Congress.gov celebrated its sixth birthday this year on September 19. It has come a long way since the initial beta website, which was launched with filters, the status of legislation tracker, legislative process videos, a mobile friendly responsive design, and member pages. Those were all items that were not available on the former THOMAS website. Since then we have been able to add popular features such as bill alerts, saved searches, and the ability to download your search results.
This year we have pushed Congress.gov even further. We started in January with a new Congress.gov search box, search form, and a streamlined header. In February we increased the number of search results you can download from 500 to 1,000. There were updates in March and April (Part 1 and Part 2). Tina provided a nice overview of new ways to search Congress.gov in April. We spent time working to enhance our saved search email alerts.
We also had the following updates throughout the year:
September was a particularly busy month: Dr. Hayden announced that Congressional Research Service Reports are now available via crsreports.congress.gov, and Robert blogged about the new experimental Congress.gov Chrome extension.
A huge behind the scenes change occurred over the second half of this year. The Government Publishing Office (GPO) transitioned its online publication of government information from the FDsys website to govinfo. A lot of data for Congress.gov comes from GPO, so we needed to switch to getting the data from govinfo when the old site was successfully retired earlier this month.

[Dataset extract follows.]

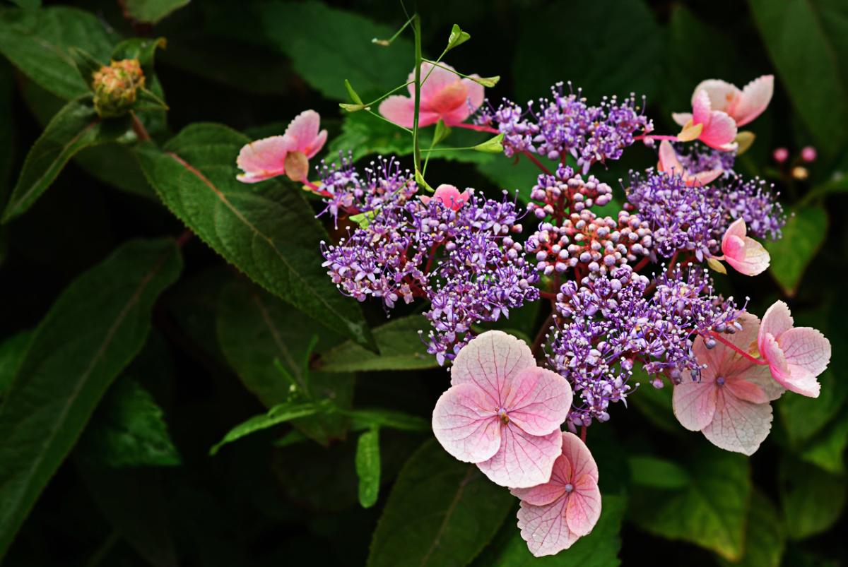Гортензия шершавая (aspera) – разновидность гортензии с эффектными бархатными листьями. Куст достигает 2 м в высоту в зависимости от сорта. Цветки интересных бело-розовых и сиренево-синих оттенков собраны в крупные щитки.

Congratulations, GPO!
Also during the year, a reference to Congress.gov was spotted at the Martin Luther King, Jr. National Historical Park by Bill Kellum. Leah K. Ibraheem shared metrics from mobile devices for the site, and Chalonda Newman, Michelle Wilson, and Leah shared information about their roles in a series of interviews. A terrific team works to make Congress.gov the powerful site that it is.
Top 18 in 2018
To see what items were most viewed in previous years on Congress.gov, take a look back at 13 in 2013, 14 in 2014, 15 in 2015, 16 in 2016, and 17 in 2017. For the top 18 most-viewed bills in 2018, I have also added the latest step in the tracker for each item below as of the drafting of this post.
- H.R.1865 – Allow States and Victims to Fight Online Sex Trafficking Act of 2017 [Became Law]
- H.R.5087 – Assault Weapons Ban of 2018 [Introduced]
- H.R.1 – An Act to provide for reconciliation pursuant to titles II and V of the concurrent resolution on the budget for fiscal year 2018. [Became Law]
- H.R.38 – Concealed Carry Reciprocity Act of 2017 [Passed House]
- H.R.5428 – Stand with UK against Russia Violations Act [Introduced]
- H.R.392 – Fairness for High-Skilled Immigrants Act of 2017 [Introduced]
- H.R.5515 – John S. McCain National Defense Authorization Act for Fiscal Year 2019 [Became Law]
- S.2155 – Economic Growth, Regulatory Relief, and Consumer Protection Act [Became Law]
- H.R.1625 – Consolidated Appropriations Act, 2018 [Became Law]
- H.R.4760 – Securing America’s Future Act of 2018 [Failed House]
- S.3036 – Keep Families Together Act [Introduced]
- H.R.2810 – National Defense Authorization Act for Fiscal Year 2018 [Became Law]
- H.R.1892 – Bipartisan Budget Act of 2018 [Became Law]
- H.R.5404 – To define the dollar as a fixed weight of gold. [Introduced]
- H.R.2 – Agriculture Improvement Act of 2018 [Became Law]
- H.R.620 – ADA Education and Reform Act of 2017 [Passed House]
- H.R.5682 – FIRST STEP Act [Passed House]
- H.R.6 – SUPPORT for Patients and Communities Act [Became Law]
Nine of the eighteen items above became law.
It has been a great year for Congress.gov. I am excited for what comes next in 2019, including new features like the planned Committee Schedule.